The Day We Almost Lost Hamtramck

dsc_3715By Charles Sercombe

Hamtramck’s worst nightmare almost came true Thursday morning.

A fuel tank erupted into flames at Sterling Oil on Grand Haven at about 11:30 a.m., which could have potentially spread to a dozen other fuel tanks at the site.

Had the fire spread, officials said there could have been an explosion reaching several blocks away, possibly all the way to Jos. Campau.

About 800 people were evacuated from the Col. Hamtramck public housing complex as well as dozens of other residents living in houses near the Sterling Oil site.

For years residents and city officials feared that one day the fuel tanks would explode into flames.

Hamtramck firefighters were aided by Detroit and Highland Park firefighters and were able to contain the blaze. It was an amazing display of skill and bravery. At any time the tanks could have exploded, likely killing the firefighters at the scene.

The cause of the fire was not immediately known.

At the time we went to press, at 2:30 p.m., there was renewed fear that the fire, which had been knocked down but still stubbornly flickered, might spread to fuel lines.

“We might have a whole other issue,” said Hamtramck Sgt. Wally Tripp.

According to the state DEQ, there is no record of violations at the site.

The website for Sterling Oil & Chemical Co. says the site has the capacity to store five million gallons of various fuels and chemicals in a total of 45 above ground tanks.

Residents in the Col. Hamtramck apartments were bussed to the Senior Plaza where they were provided shelter, food and water.

There were no reported injuries.

Residents in the area said they have long feared the tanks could explode.

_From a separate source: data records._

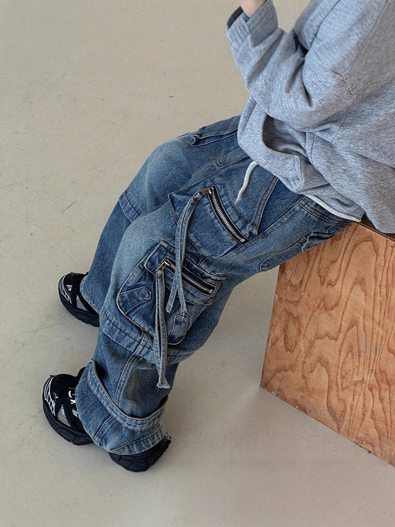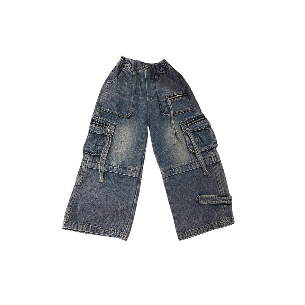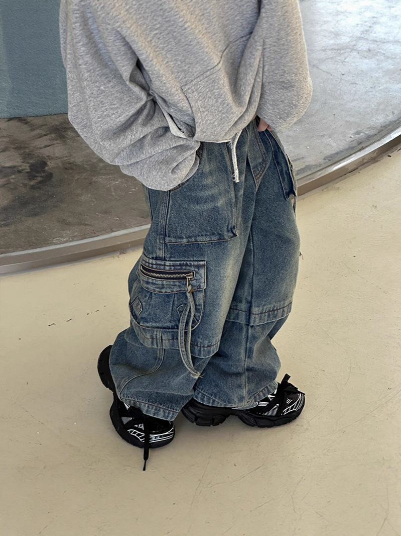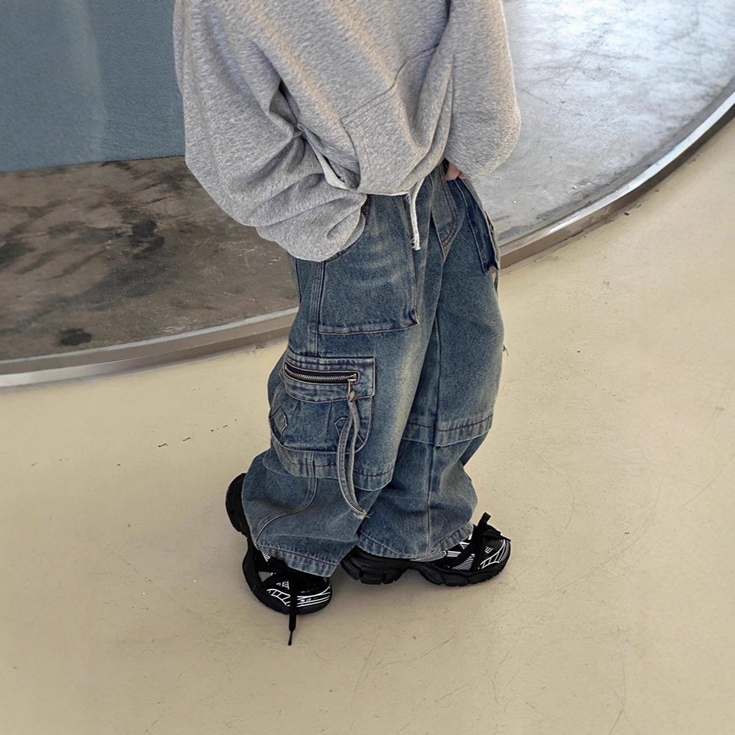 남아용 하이 스트리트 청바지 2025 봄, 가을 중공업 바지 어린이 기능성 바지는 다리 모양을 트렌디하게 보여줍니다.스토어 가기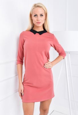 Sukienka tuba o gładkiej strukturze z kołnierzykiem. Okrągły dekolt z kontrastowym, trójkątnym kołnierzykiem. Rękaw 3/4. Prosty luźny krój tuby. Zapinana na kryty zamek. Materiał nieprześwitujący. Klasyczne i modne kolory do wyboru.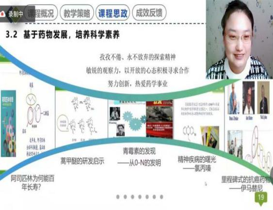 发掘思政育人元素,强化课程思政顶层设计。生物学院教工第二党支部组建了制药工程教学团队,聚焦中药学课程专业特色和制药工程专业的育人目标,提出“守正创新,立德树人”的课程思政建设理念。紧扣立德树人根本、强化传承创新目标、抓牢质量提升主线、抓好师资队伍建设,为中药学课程思政教学奠定基础。坚持把培育和践行社会主义核心价值观贯穿师生专业课实践教学、社会实践活动、创新创业教育、志愿服务等过程,增强思想引领和价值观塑造的实效性。将专业课与产业链衔接,推进对接产业链的专业思政实现路径,培养学生爱岗敬业与责任担当,弘扬爱国精神、厚植家国情怀。构建全新的立体化实践教学体系,实施专业课程思政,落实全员育人、全程育人、全方位育人。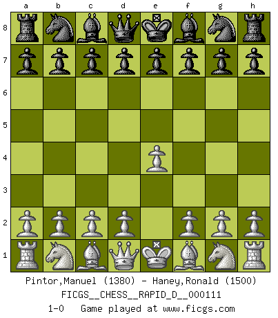 Last move : 1-0 2018 April 11 20:49:57 [Event "FICGS__CHESS__RAPID_D__000111"] [Site "FICGS"] [Date "2018.03.12"] [Round "1"] [White "Pintor,Manuel"] [Black "Haney,Ronald"] [Result "1-0"] [WhiteElo "1380"] [BlackElo "1500"] 1.e4 1-0 This chess game has been lost on time (started : 2018.03.12 15:36:1) King's pawn Opening Player White won this chess game. Follow this game move after move (download)I had a toothache during the first game. In the second game I had a headache. In the third game it was an attack of rheumatism. In the fourth game, I wasn't feeling well. And in the fifth game? Well, must one have to win every game ? (Siegbert Tarrasch) Drei Punkte vor allen anderen ist wie einer, der im weißen Anzug posiert, während der Rest in Müllsäcke gekleidet dasteht. (Viktor Kortschnoi) No es suficiente ser un buen jugador, se debe también de jugar bién. (Siegbert Tarrasch) Il n'y a pas eu de défaite parce que je ne crois pas que cet ordinateur ait jamais existé. IBM a triché en refusant d'imprimer les modes de recherche de la machine. C'est évident, pendant le match, des coups décisifs ont été joués par des êtres humains. Aujourd'hui, les meilleurs spécialistes en informatique ne peuvent toujours pas expliquer comment Deep-Blue a pu jouer contre la logique des ordinateurs. IBM a gagné une guerre de communication, mais ils sont incapables de prouver que l'ordinateur a gagné tout seul. (Garry Kasparov) At work, the authority of a person is inversely proportional to the number of pens that person is carrying. (Dan Rotaru)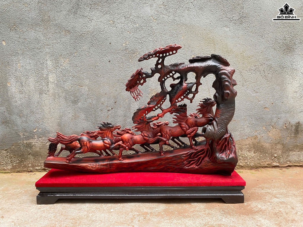 Tượng Bát Mã Gỗ Trắc Cao 46 Ngang 65 Sâu 18 (cm)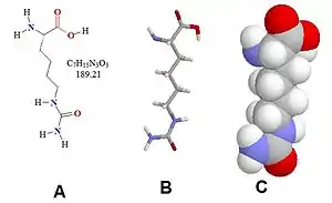 Homocitrulline is one methylene group longer than citrulline, but similar in structure. The metabolite is generated from a lysine residue after lysine reacts with cyanate. Cyanate is present in the human body in equilibrium with urea. Under physiological conditions the urea concentration may be too low to allow extensive carbamylation. However, the conversion process leading to the formation of homocitrulline from lysine in proteins is known to occur in vivo. During renal failure conditions, the urea concentration increases and carbamylation of many proteins can occur, which can be detected. It is believed that most carbamylation takes place during inflammation when the enzyme myeloperoxidase is released from neutrophils. This enzyme converts thiocyanate to cyanate. Increased levels of cyanate can now carbamylate lysine residues.
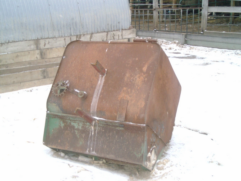 A few months ago, we made our counterweight. A big old grain hopper from a combine filled with concrete.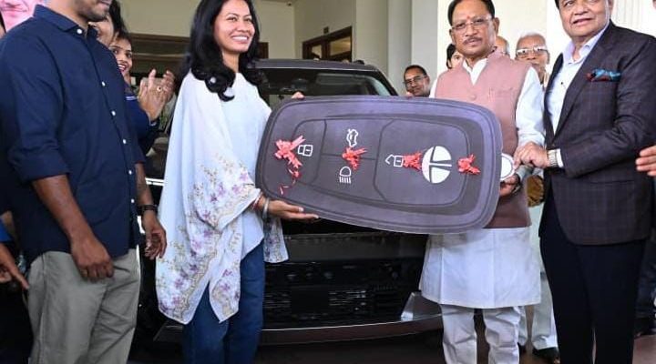 रायपुर 14 मार्च 2026/ मुख्यमंत्री श्री विष्णुदेव साय ने आज नवा रायपुर स्थित अपने निवास में आयोजित एक गरिमामय समारोह में भारतीय महिला क्रिकेट टीम की फिजियोथेरेपिस्ट और छत्तीसगढ़ की बेटी श्रीमती आकांक्षा सत्यवंशी को टाटा सिएरा कार उपहार स्वरूप प्रदान की। इस अवसर पर मुख्यमंत्री ने श्रीमती आकांक्षा को बधाई देते हुए कहा कि हमारी बेटियों ने विश्व कप जीतकर देश का गौरव बढ़ाया है। उन्होंने महिला क्रिकेट टीम के सम्मान और प्रोत्साहन के लिए टाटा मोटर्स द्वारा कार उपहार देने की इस पहल की सराहना की।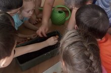 Воспитанники старшей разновозрастной группы под руководством воспитателя посадили лук. Воспитатель рассказал и показал всю последовательность посадки лука, напомнил, что лук нужно обязательно есть, так как в нем содержится очень много витамина, и минералов которые полезны для организма. Ребята ознакомились свойствами лука. После ознакомления воспитанники посадили луковицы в ящик с землёй и они будут наблюдать за ростом зелёного лука, поливать его и срезать выросшие зелёные перья. Теперь на их «грядке» вырастет вкусный, витаминный, зелёный друг!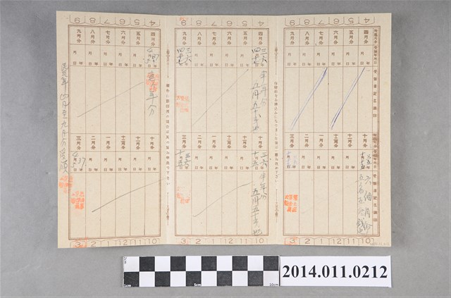 1. 本文物為三三○二八番號保險金領收帳,有付款日期、證書作成日、付款方法、被保險者氏名、契約者氏名等幾個欄位,其中契約者氏名為張永華,證書作成日為12日,保科金額為1.00,內寫有保險相關法規、保險公司規則等注意事項,並蓋有相關單位的戳章,但付款合併表格登記之處為空白,背面表格有詳細記錄保險所屬月份、受領月日、受領者記名等資訊,並於表末用鉛筆標示此份保險從民國38年4月至民國83年9月分受領。
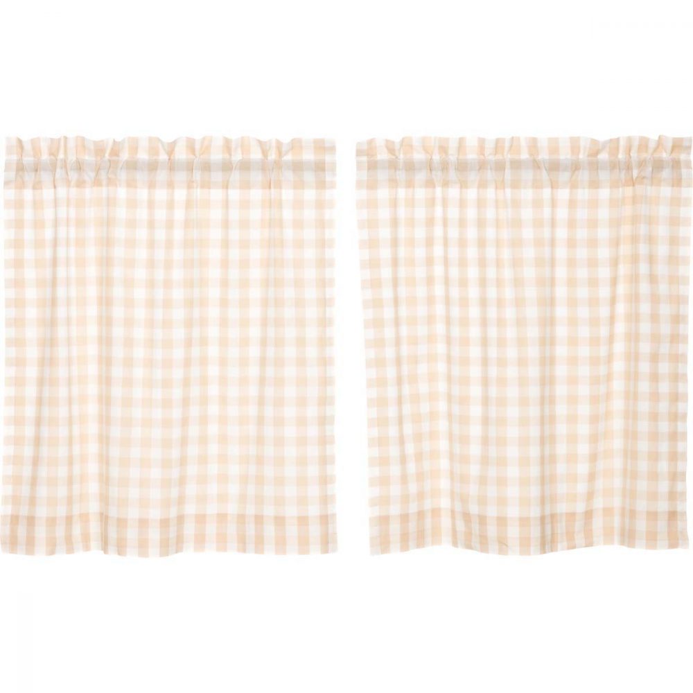 The Annie Buffalo Tan Check Tier Set is a fresh and lighthearted curtain set tailored to complete the look of your laid back farmhouse decor. Tan and antique white buffalo checks create a relaxed country feel in your home. Place these L36xW36 tier curtains in the kitchen or any window to enhance the style of a room. These 100% cotton curtains have a white lining to keep away the sun's glare and have a rod pocket for simple hanging.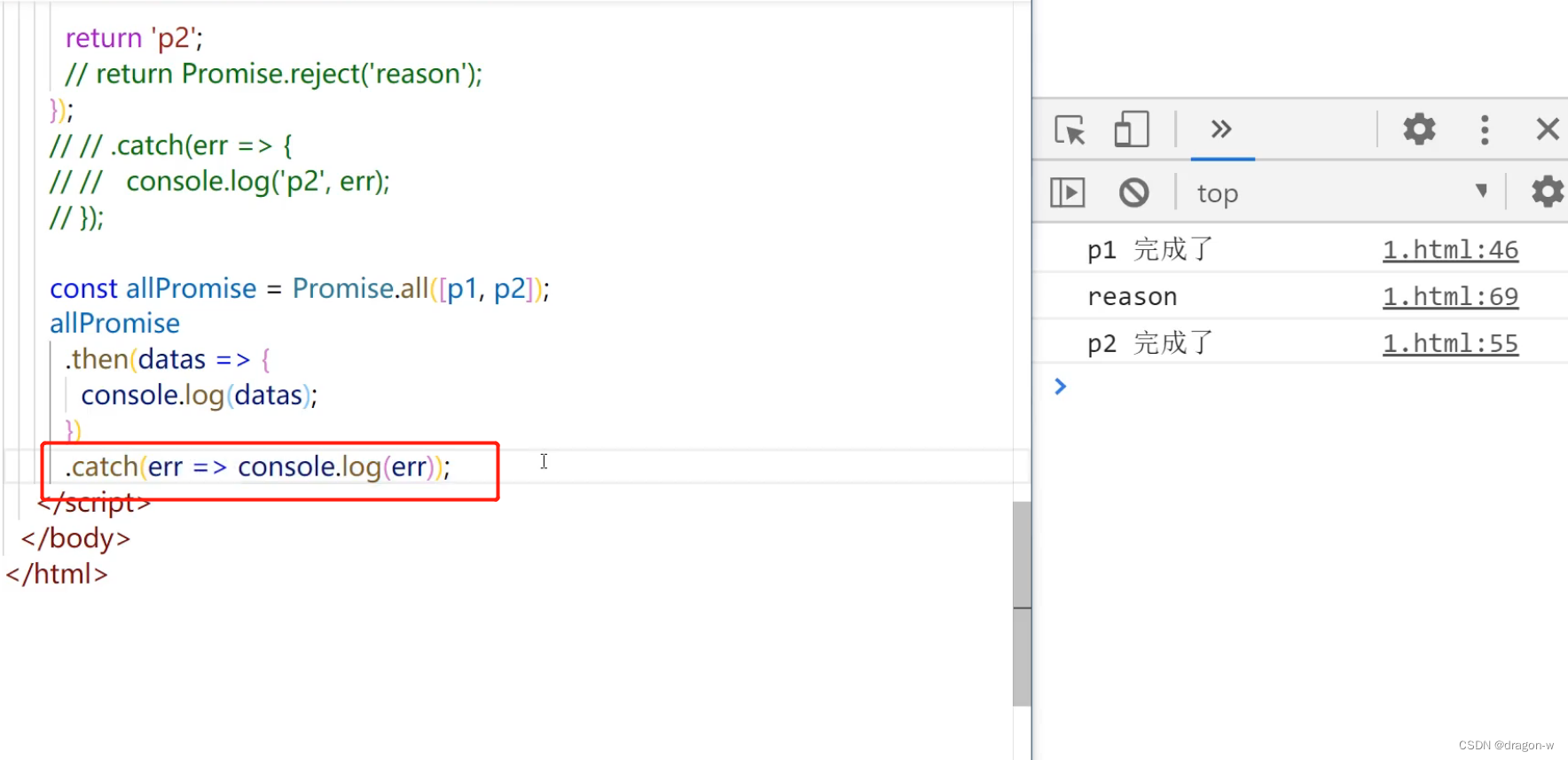2.参数如果不是Promise对象,会将不是Promise对象的转换为Promise对象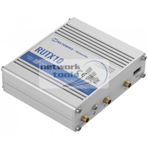 Маршрутизатор RUTX10 обладнаний 4 гігабітними Ethernet-портами. Серед них 3 порти LAN та 1 порт WAN. Також виробник передбачив цифровий вхід і вихід, щоб була можливість налаштувати дистанційне керування та контроль. Крім цього ще є USB 2.0 та Bluetooth LE.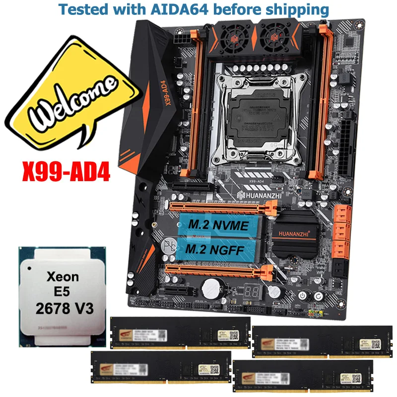 HUANANZHI X99-AD4 LGA2011-3 материнская плата с двойным M.2 слотом SSD + CPU Xeon 2678 V3 + 4*16G DDR4 2400 память + кабель SATA + металлический задний щит + диск драйвера + Руководство пользователя + кулер для процессора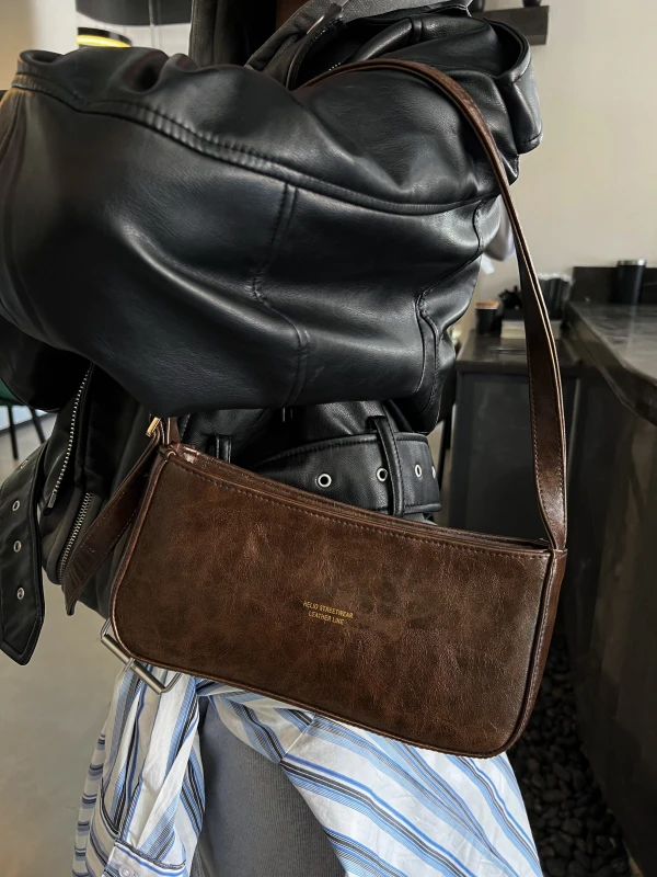 حقيبة كتف جلدية - رفيقتكِ المثالية. مصنوعة من جلد فاخر مشمع، تنسجم بسلاسة مع أي إطلالة، ومصممة خصيصًا لمن يتمتعن بحركة مميزة.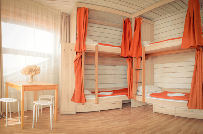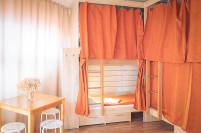 - Для каждого спального места: небольшой шкафчик для вещей, индивидуальный светильник, розетка, шторка. Полотенца.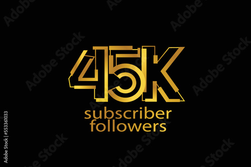 45K, 45.000 subscribers or followers blocks style with gold color on black background for social media and internet-vector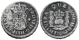 Ferdinand VI (1746-1759). 1/2 real. 1756/5. Lima. JM. (Cal-57). Ag. 1,54 g. Clear overdate. Scarce. VF. Est...90,00.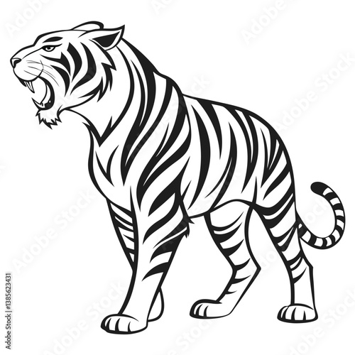 Naklejka premium tribal tiger, geometric pattern, black and white illustration, stylized animal art, roaring feline, bold lines, diamond shapes, symmetrical design, monochrome, abstract big cat, native art influence,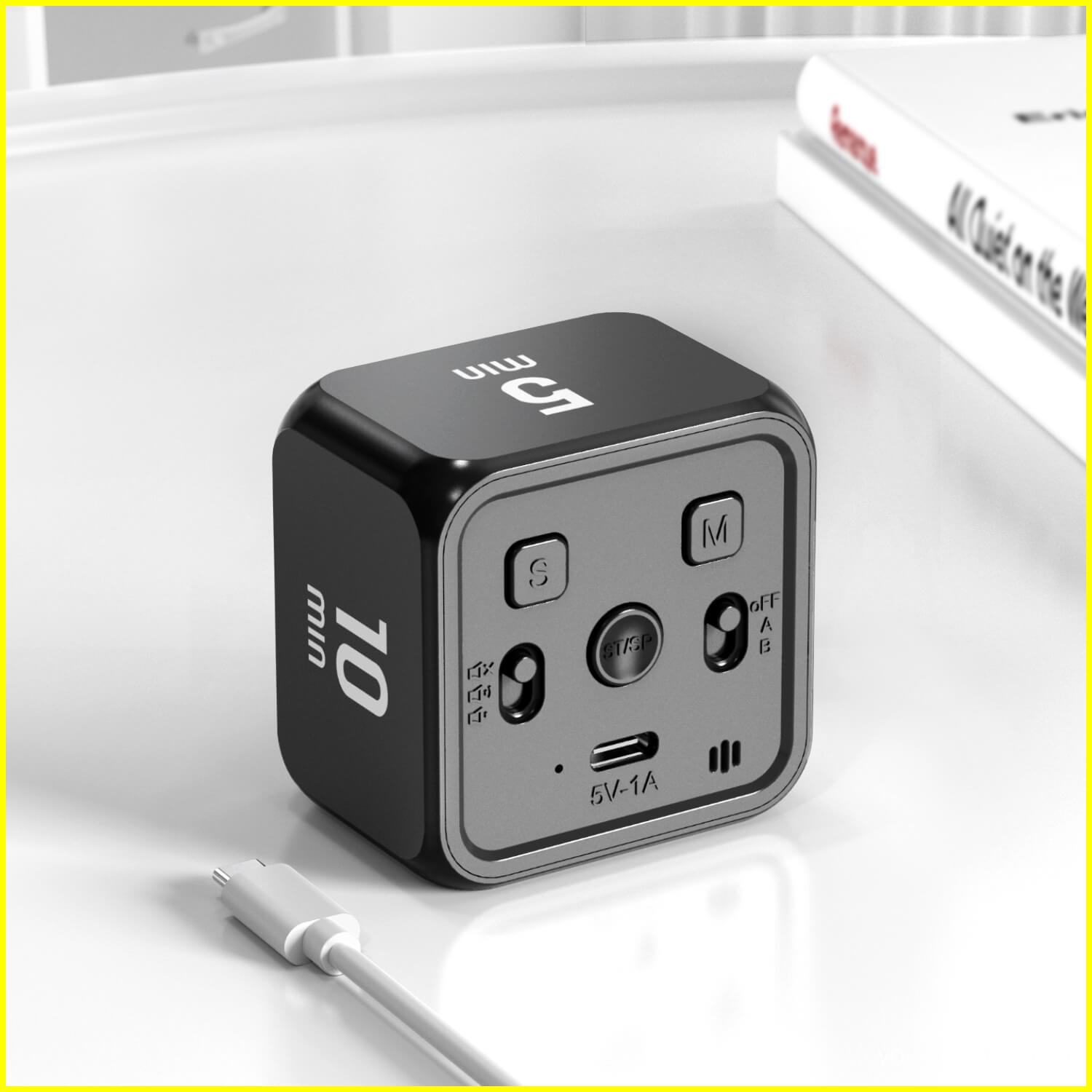 Crafted as an 8-sided cube with a sleek, novel mini-round profile, Cube redefines portability and style. Its eye-catching flip-gravity rotating visual display (no boring screens!) makes time visible at a glance, while a crisp digital clock shows seconds, minutes, and hours—ideal for recipes, Pomodoro sessions, or study intervals.

“When we were kids we always said if it caught on fire, what would we do?” said Dejuan Slappey, 44, who grew up in the neighborhood near the plant.

The game plan?

“Run,” he said.

Looking on across the I-75 freeway, Toni Matihis was worried about her house on the service drive on the other side of the freeway.

“They should have a plan,” she said.

There is in fact a plan, one created by Wayne County. The plan is essentially to evacuate the neighborhood.

The Hamtramck Housing Commission said its plan in a case like this is to bus residents to the Senior Plaza, which is what happened.

In over 20 years of reporting on fires in Hamtramck, this reporter has never experienced a fire of such magnitude and horrifying implications.

When this reporter first arrived on the scene, just seconds after Hamtramck firefighters arrived, a son of the owner of Sterling Oil demanded the reporter to stop taking photos of the fire.

This reporter refused saying, “this is a major news event.”

And indeed, the media swarmed to the scene. Television news stations interrupted their regular programming to report the fire.

Smoke from the fire towered hundreds of feet into the air and could be seen as far away as downtown Detroit.

Amtrak suspended rail service from downtown to Pontiac because its rails ran alongside the chemical plant.

Although people were told to move to the other side of I-75, many refused orders to move back further, sometimes cursing back at volunteers doing traffic and crowd control.

For some, watching the fire became a festive event. Several onlookers held cans of beer and bottles of liquor.

Few seemed to realize that had the fire spread, an explosion would have likely injured or killed them. The heat of the fire could be felt several blocks away.

Firefighters fought the blaze from 50 to 100 feet away, exposing themselves to possible death at any moment.

By 5 p.m., firefighters had extinguished the blaze.